Crop rotation diversification begets diversity across trophic levels
Diversifying maize/legume rotations with cover crops, pasture rotations, and alternative cash crops is a key action that farmers can take to regenerate their land and protect their livelihoods from extreme weather. Diversified rotations also lead to more diverse weed communities, which are less threatening to crop yields and even have the potential to strengthen crop protection by providing diverse food and habitat resources for natural enemies. However, consequences of rotation diversification across trophic levels have not been clearly demonstrated. In this study, we examine links between rotation diversity, weed diversity, and natural enemy diversity by performing on-farm surveys at 33 sites in the US Corn Belt, using maize as a focal crop model. We found positive links between rotation diversity and weed diversity, which in-turn associated with diversity among natural enemies of crop pests. Pest arthropods had neutral links with diversity among crop rotations, weeds, and natural enemies, and were generally low in abundance system wide.
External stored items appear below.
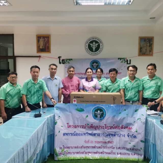 ที่ 21 พฤษภาคม 2567 สหกรณ์ออมทรัพย์สาธารณสุขลาปาง จากัด นำโดยนายนิเวศย์ ตันตาปกุล ประธานกรรมการ และคณะกรรมการดำเนินงาน ได้ดำเนินโครงการบำเพ็ญประโยชน์ต่อสังคม โดยการมอบเครื่องมือแพทย์ เพื่อใช้บริการประชาชนในพื้นที่ ให้กับโรงพยาบาลส่งเสริมสุขภาพตำบล 2 แห่ง ในอำเภอสบปราบ ได้แก่ โรงพยาบาลส่งเสริมสุขภาพตำบลบ้านจัวเหนือ และโรงพยาบาลส่งเสริมสุขภาพตำบลแม่กั๊ว
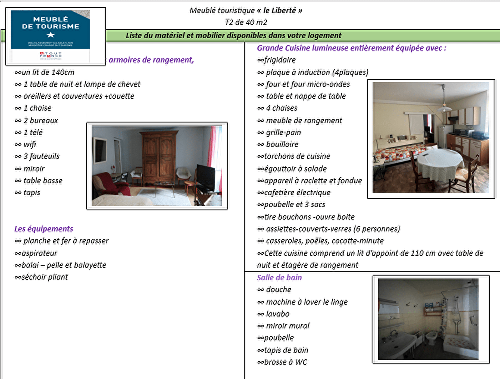 Die Wohnung ist 40 m2 groß und besteht aus einem Wohn- und Schlafzimmer mit einem 140 cm breiten Bett und einer Küche mit einem 90 cm breiten Bett und ist ideal für 3 Personen. Die Küche ist funktional und sehr komplett.
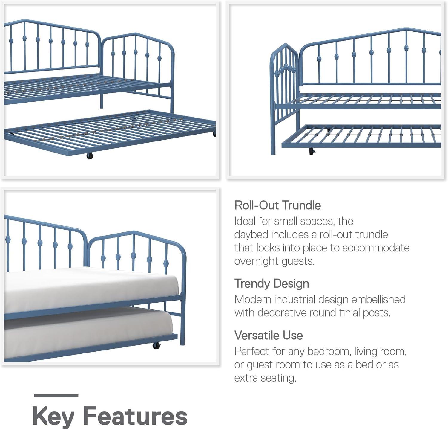 Novogratz Bushwick Metal Daybed & Trundle, Twin Size Frame, Sea Blue

These results suggest that diversifying rotations may protect crops from dominant, competitive weeds, and may enable diverse communities of natural enemies to persist on standby in agroecosystems, ready to intercept pest outbreaks before they emerge. While diverse weed communities often have neutral impacts on crop productivity, weed diversity positively correlated with weed cover across our sites, suggesting a potential tradeoff between crop productivity and diversification. Future work must further scrutinize relationships between weed diversity, crop competition, and productivity.